On the weekly chart (chart 1), price seems to have found a base near the 62% Fibonacci correction level at 1.1185. Price has a low of 1.1210. This is the 62% Fibonacci point of the rally that started in Jan 2017 till Feb 2018. If price can stay above this Fibonacci point, it would mean there is going to be a rally higher than 1.25. However if price were to drop below the 62% Fibonacci point, it would mean a price movement back to the start of the rally at 1.0320. On the momentum side, while both Stochastic and MACD had shown bullish divergence warnings of a possible low, the rally thereafter in Stochastic and MACD, were both weak. MACD’s Signal line is weak and is still below zero and bearish. The faster line had not been able to move above zero into positive zone. This is a hint of its weak strength. Similarly, Stochastic had a rally together with price but Stochastic was unable to exceed it previous high point. The weekly chart looks weak.

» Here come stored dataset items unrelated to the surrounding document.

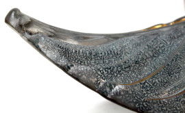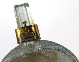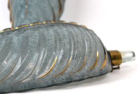 Coppia di foglie per appliques in vetro celeste con finiture dorate, cm 31x10,5, Francia, XX secolo, (mancante impianto elettrico)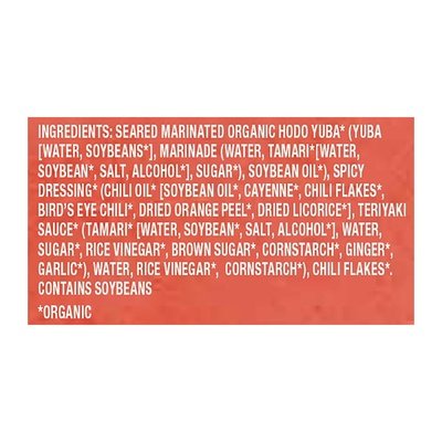 No artificial flavors. 16 g protein per serving. USDA Organic. Gluten free. Vegan. Certified Organic by COOF. Plant protein. Zero cholesterol. High protein. Excellent source of fiber & calcium. Good source of iron. Organic is Non-GMO & more. Plant-based. Fully cooked. Spice so Nice: Hidden inside this package, you'll discover one of the most magical foods on the planet - hand - cut Yuba strips tossed with a zesty house made teriyaki sauce. Outrageously delicious with just the right level of spice. Plus, ready to eat straight from your fridge! Ready to Eat: Eat cold or hot. Stir fry with veggies. Toss into a salad. 100% delicious! Obsessed with Delicious: Hodo handcrafts delicious, wholesome, organic plant-based foods for people who love to eat well. We thoughtfully source every ingredients and use artisanal methods. Proudly based in Oakland, California. Get inspired at hoodfoods.com/recipes. Please recycle.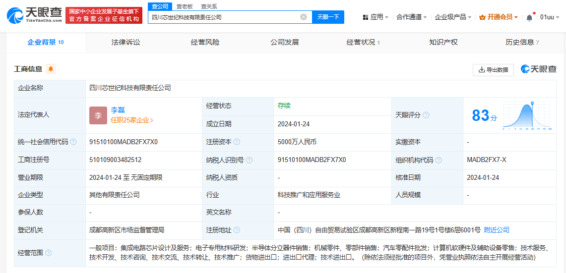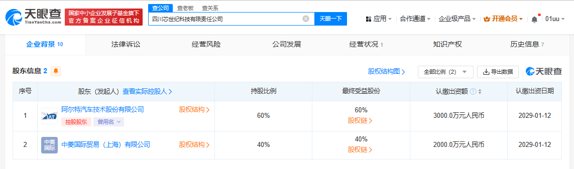 南方财经1月29日电,天眼查App显示,近日,四川芯世纪科技有限责任公司成立,法定代表人为李磊,注册资本5000万人民币,经营范围包括集成电路芯片设计及服务,电子专用材料研发,半导体分立器件销售,机械零件、零部件销售,汽车零配件批发等。股东信息显示,该公司由阿尔特(300825)、中菱国际贸易(上海)有限公司分别持股60%、40%。

On the daily chart (chart 2), it looks weak as well. The rally from the last decline (1.1815-1.1215) stopped just before the Fibonacci 62% correction level. Inability to move above the Fibonacci 62% is usually a sign of a price reversal. Stochastic is still moving lower and has yet to show a reversal. MACD may be bullish but the faster line and the histogram are bearish. A break of the rising trendline would accelerate the decline to 1.1185.

Fundamental View

  1. US rate hikes are on pause at the moment but ECB is also likely to delay its monetary normalization policy. Market is expecting ECB to hike rate only in the 4Q of 2019. The widening of interest rate differential may have peak but the gap is still a substantial 2.5%. Interest rate differential will keep US$ strong against the Euro.
  2. IMF has downgraded its global economic outlook for 2019 and 2020, citing a bigger than expected slowdown in China and Euro zone. With a slowing economy, ECB is likely to take its time to hike rate in 2019.
  3. EC has cut growth forecast for Italy to 0.6% and this could weigh Euro currency down.
  4. A no deal Brexit could also impact Euro zone


We remain bearish on EUR/USD, similar to the call on 31st Oct 2018 but we would like to revise our 3 months target higher to 1.1185.